What you have to do
Among the entries below, retype exactly the lines starting with the one with "录取院校:谢菲尔德大学" and going on through the one with "Zone Guard | ||", but not the pictures.

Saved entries
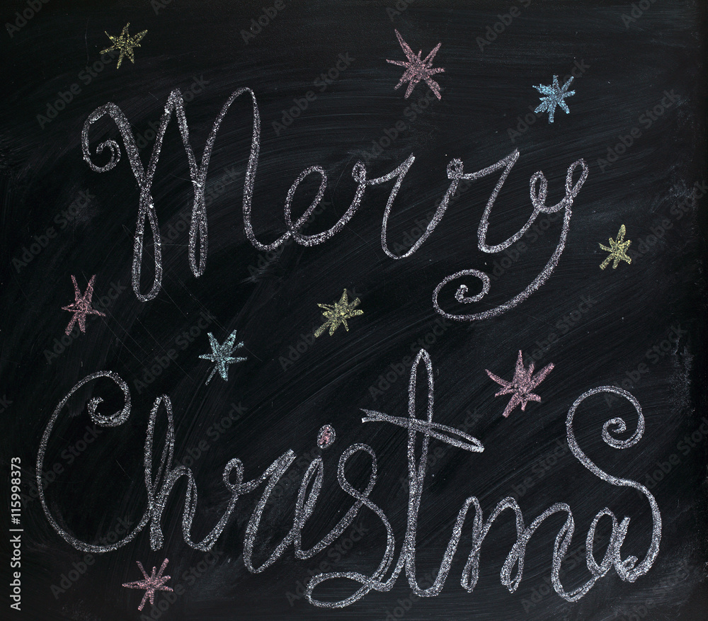 holiday background/ greetings Merry Christmas painted by with chalk on blackboard
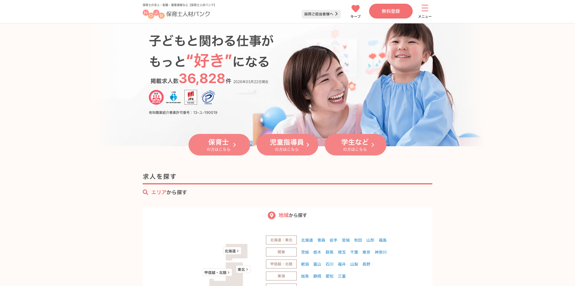 | 公開実績 | 約3万件以上の保育・療育求人、適正な有料職業紹介事業者認定 |
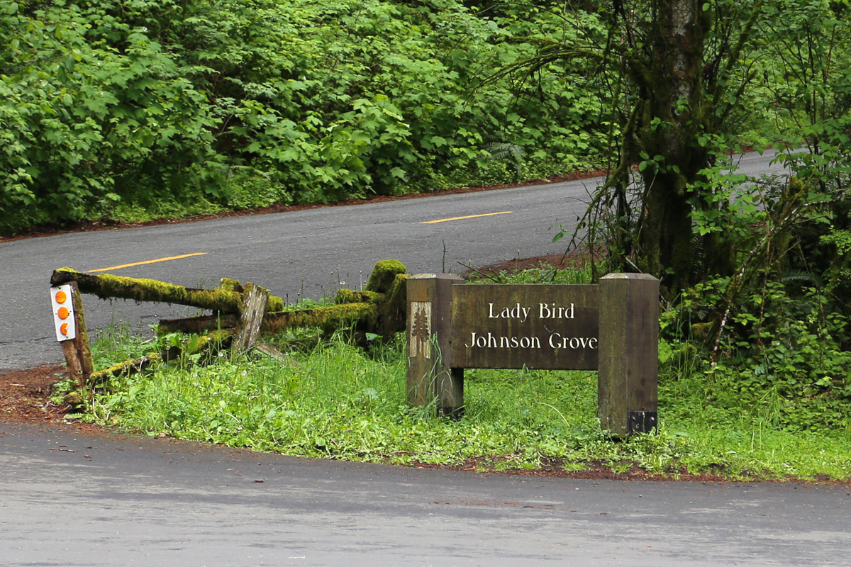 같은 장소의 사진 오른편에 보면 기념동판이 보이는데, 영부인에서 물러난 1969년 8월 27일에 리처드닉슨(Richard Nixon) 대통령과 함께 다시 여기에 와서, 이 레드우드 서식지를 그녀의 공적을 기려서 레이디버드존슨 그로브(Lady Bird Johnson Grove)로 명명했다는 내용이 새겨져 있다.
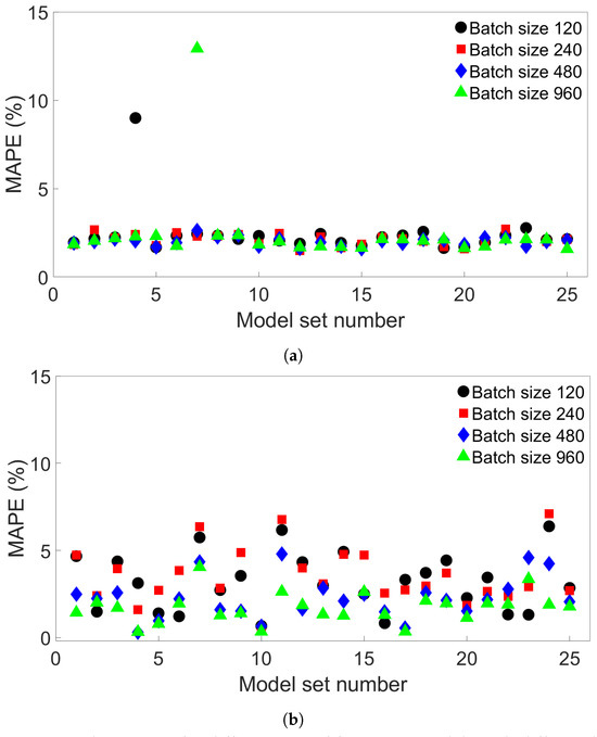The MAPEs for different sets of four MLP models with different batch sizes. (a) The models were trained on System 4 from Group 4 and tested on System 13 from Group 4. (b) The models were trained on System 1 from Group 1 and tested on System 9 from Group 1.
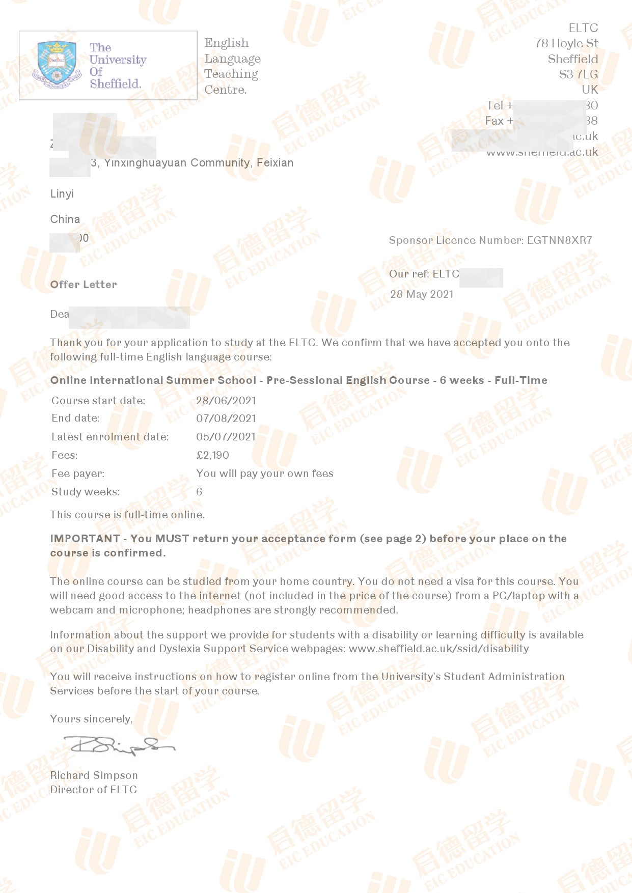 录取院校:谢菲尔德大学
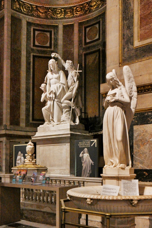 Za sochou anděla (jednoho z mnoha, které v kostele najdete), stojí sousoší s názvem Jan Křtitel křtí Krista od Françoise Rudeho.
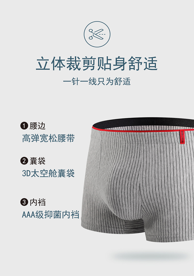 순면 통기성 남성 속옷 항균 니트 스트라이프 사각팬티 플러스 사이즈 큰 남성용 순면 사각팬티스토어 가기
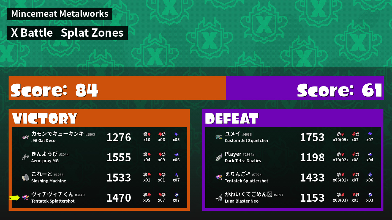 | Medals | #1 Damage Taker #2 Overall Splatter #2 Splat Zone Guard | ||
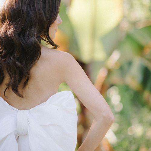 典礼结束后,布里特妮换上了最先引起她注意的浪凡(Lanvin)礼服。“我们还没订婚,我就在Pinterest上找到了它,它让我的心都停止了怦怦直跳,”她说起这件背部有一个大蝴蝶结的无肩带连衣裙。“我妈妈找到了公司里的最后一件衣服,但它比我穿的衣服大了5号。”With the help of a local seamstress, Brittney brought it down to her size and loved how comfortable she felt. "It was like coming home after a long day. I just felt very me in it."
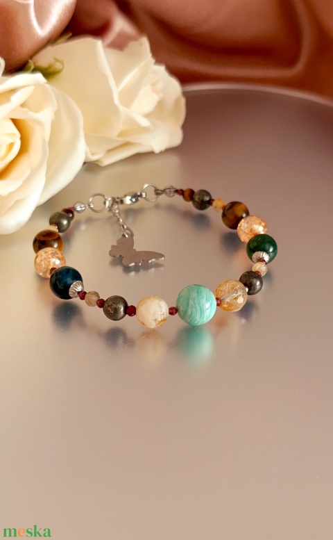 - Anyag/Összetevő acélsodrony, pirit, arany aura kvarc, amazonit, mohaachát, tigrisszem, gránát, arany rutilkvarc
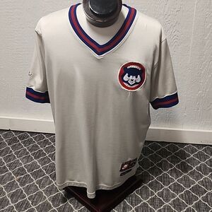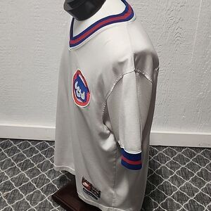 Rare! Hard to find this color scheme. Most of these were sold in Cubbie blue. Its in great condition for its age, I've owned this for about 20 years and feel it's time to pass it on. Tiny stain on the front but hard to see, I did attach a photo of the spot. The lettering and numbers are stitched on. Awesome add to any Collection. Size is XL
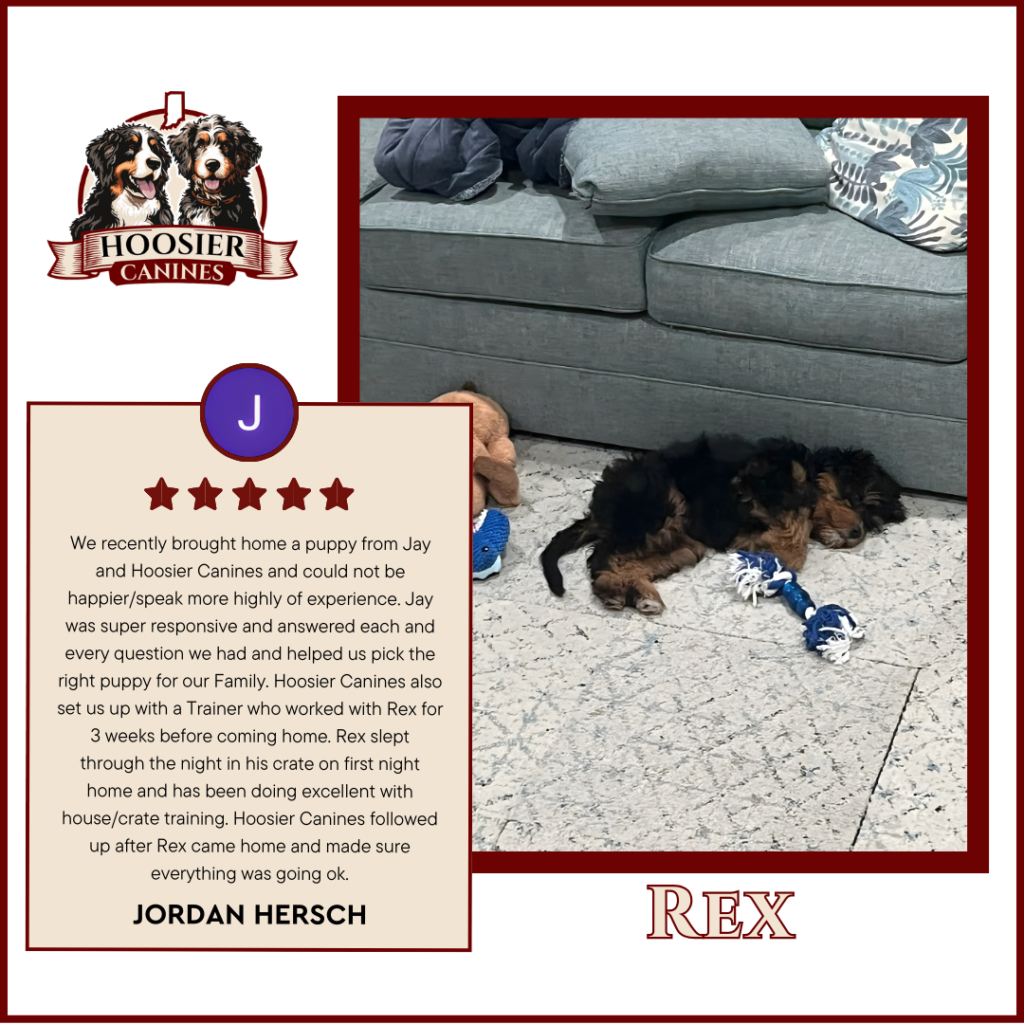 Posted on Gianna KonckiFebruary 28, 2026Trustindex verifies that the original source of the review is Google. Jay and his family at Hoosier Canines love and care for each puppy so well! We’ve had our LunaBella for 4 months now and she is hands down the best pup we’ve ever had. Immensely smart, gentle and loves pleasing my husband and I! She is the best addition to my practice and loves being with hospice patients. Thank you Jay!Posted on Kas MillerFebruary 23, 2026Trustindex verifies that the original source of the review is Google. We purchased a standard Bernedoodle in December 2025. We love her! The best dog, smart, playful, the best demeanor, great with kids, and really fits in perfectly with our family. So in love with her. Jay was super easy to work with. Would definitely use them again.Posted on jennifer lothianFebruary 21, 2026Trustindex verifies that the original source of the review is Google. Highly recommend!! Our family is in Orlando and we got our boy from Hoosier Canines just before Christmas in 2025 and had a fantastic experience! Jay and his brother were easy to communicate with and answered all our questions as they came up. They shared links to help us prepare before his arrival and even have a kit you can purchase that has everything to get started if needed. Most of all they are honest and transparent with everything, which helped so much with purchasing a puppy so far from home. We would absolutely use them again if we ever decided to add to our family!Posted on Brian PalmerFebruary 20, 2026Trustindex verifies that the original source of the review is Google. Hoosier Canines is an outstanding breeder with amazing puppies! From the time I inquired about adopting a puppy to the moment Baxter arrived, and of course throughout the puppy parenting process, I have incredible gratitude to Jay Miller and his family and organization for doing such a great job. There are a lot of reasons you should consider adopting from Hoosier Canines (thorough health and genetic testing, incredible care for the puppies from the day they are born, amazing mom & dad dogs) but one of the things I think is a key differentiator is the Early Neurological Stimulation (ENS) they do for their pups. My puppy seemed to be okay with exposure to anything after a few instances and I think ENS really helped with that. Here are photos of Baxter (3 of 16-17 weeks and 1 when we I got him at 8 weeks old). He's the best!!Posted on Maggie BroekhuisFebruary 16, 2026Trustindex verifies that the original source of the review is Google. My husband and I got our puppy from Hoosier Cannies and we loved our experience. The facilities were clean and the breeder is very knowledgeable and helpful. He was willing to answer our questions and was quick to respond. We just adore our little puppy. She is so social and loves everyone- dog or person! She is so sweet, loving, and loyal. A true companion! Would use them again in a heart beat!Posted on Morgan CowherdJanuary 25, 2026Trustindex verifies that the original source of the review is Google. We have adopted two bernedoodles from Jay. Our experience was wonderful on both occasions. Jay really cares about finding the right match for your family. Both of ours girls have excellent demeanors which are beyond perfect for our young children and they are loved by all that meet them! There’s not doubt that we will be getting our next furry family member from Hoosier!Posted on Emily BartleJanuary 15, 2026Trustindex verifies that the original source of the review is Google. We had an amazing experience with Hoosier Canines and cannot recommend them enough. We got our puppy, Luna, in November and she has been the perfect addition to our family. From the very beginning, Jay, the owner of Hoosier Canines, was nothing but wonderful to work with. His communication was excellent—he was responsive, helpful, and always willing to answer any questions we had throughout the entire process. He was also very upfront and transparent about all information, which we truly appreciated. We are from Chicago and Jay is based in Indiana. At first, I was a little nervous since I had never met him and had never even heard of the town he was located in. However, from our very first conversation, he made us feel completely comfortable and confident in our decision and trusting him was one of the best choices we made. Luna has been incredibly healthy, and even our veterinarian was pleasantly surprised at how great her health was, noting that she came with no complications. This really speaks volumes about the care and attention Jay provides to his puppies. Bringing a puppy into a home with a one-year-old can feel overwhelming, but Luna fit right in with our family from day one. She has such a great temperament, and it’s clear she was raised with care and love. The entire experience was smooth, professional, and reassuring, which made such a big difference for us as a family. You can truly tell that Jay is passionate about what he does and genuinely cares about both his dogs and the families they go to. We are beyond happy with our decision to go through Hoosier Canines and will absolutely be coming back to Jay when we are ready to add another puppy to our family. If you’re looking for a breeder who is trustworthy, communicative, and dedicated, Hoosier Canines is the place to go. ⭐⭐⭐⭐⭐Posted on Rebecca MJanuary 13, 2026Trustindex verifies that the original source of the review is Google. We are so very grateful for Hoosier canines!! Our addition to the family has been wonderful, we love her so much..definitely a special one🥰 Thank you!!Posted on Amanda HooperJanuary 8, 2026Trustindex verifies that the original source of the review is Google. We had a wonderful experience with Hoosier Canines and absolutely love our Ultra Bernedoodle! Communication was excellent throughout the entire process, and we really appreciated being able to visit her multiple times as a puppy. The breeder was

Answer section
 录取院校:谢菲尔德大学
 Za sochou anděla (jednoho z mnoha, které v kostele najdete), stojí sousoší s názvem Jan Křtitel křtí Krista od Françoise Rudeho.
 순면 통기성 남성 속옷 항균 니트 스트라이프 사각팬티 플러스 사이즈 큰 남성용 순면 사각팬티스토어 가기
 | Medals | #1 Damage Taker #2 Overall Splatter #2 Splat Zone Guard | ||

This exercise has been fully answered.